My mom came up, how I tended to feel like she didn't understand me. Talked about her, my grandfather came up (he died when I was like 8), how I didn't really know much about him and their relationship. How I'd wondered if he may have been an alcoholic (they built a big bar in their house and we used to toast with a particular bourbon in his memory at Christmas). I said how my main memory of him was visiting him at work and him complimenting my "green shoes" when actually they were red. T said how that showed he was playful. I said I guessed so. (I didn't say this at the time, but it occurs to me that I'm drawn to both partners and male authority figures who are playful...)

T said it could be helpful to find out more about her childhood, to ask her about it. I said how she was kind of the "responsible one" of her siblings, we discussed how maybe that affected her later on, including as a parent (especially since two of her siblings with almost 10 years younger, so she helped care for them).

Discussed how my mom clearly has anxiety issues. How she seems to want to present a certain face (literally--wearing makeup--and figuratively) to the world. How that may be due to her anxiety (which she'd never admit to). T said how everyone has certain core values, and he'd be interested to know what my mom's are. I asked if she would know, and he said probably not, that most people aren't self-aware enough to know. But they show up in how people interact with the world. He said could give me better understanding of my mom. And that mine seemed different from hers.

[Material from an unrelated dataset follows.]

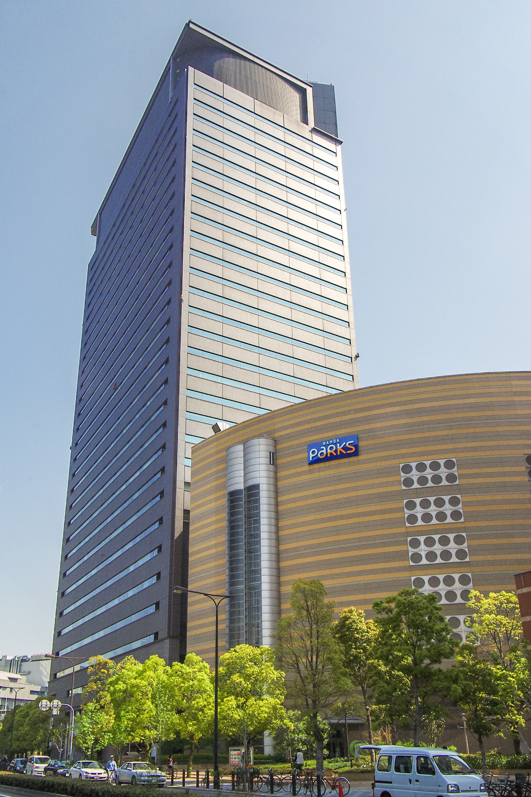 Photograph of Parks Tower, a part of Namba Parks, in Naniwa-ku, Osaka, Osaka Prefecture, Japan.

I said how in past sessions, he'd mentioned how understanding my mom more could help me. That it could help me have compassion toward her. I said that at first, I felt like that was just invalidating. Like, trying to explain away my mom's behavior instead of thinking of the impact it had on me. T seemed to get that. But I said as I thought about it more, I understood more. How if maybe I understand what was behind it, I wouldn't blame myself so much? He said yes, that in understanding her more, I can put things into context better. I said that made sense (I was kind of quiet and thoughtful during some of this). Like, if I understood she was really anxious on the inside, it would explain why she projected much of that onto me.

Was end of session. Scheduled, then I went over and paid. He shook my hand, saying "Have a good week" as I said "you, too." He said, "Hopefully I'll get a positive e-mail from you this week" (referring to the PhD program), then, "It's been an hour, maybe you got something?" I said, "No, actually I checked as we were scheduling." He slumped his shoulders down and gave a sad look. I said, "Maybe in the last 2 minutes?" He smiled and said "Take care," I said, "You too" and left.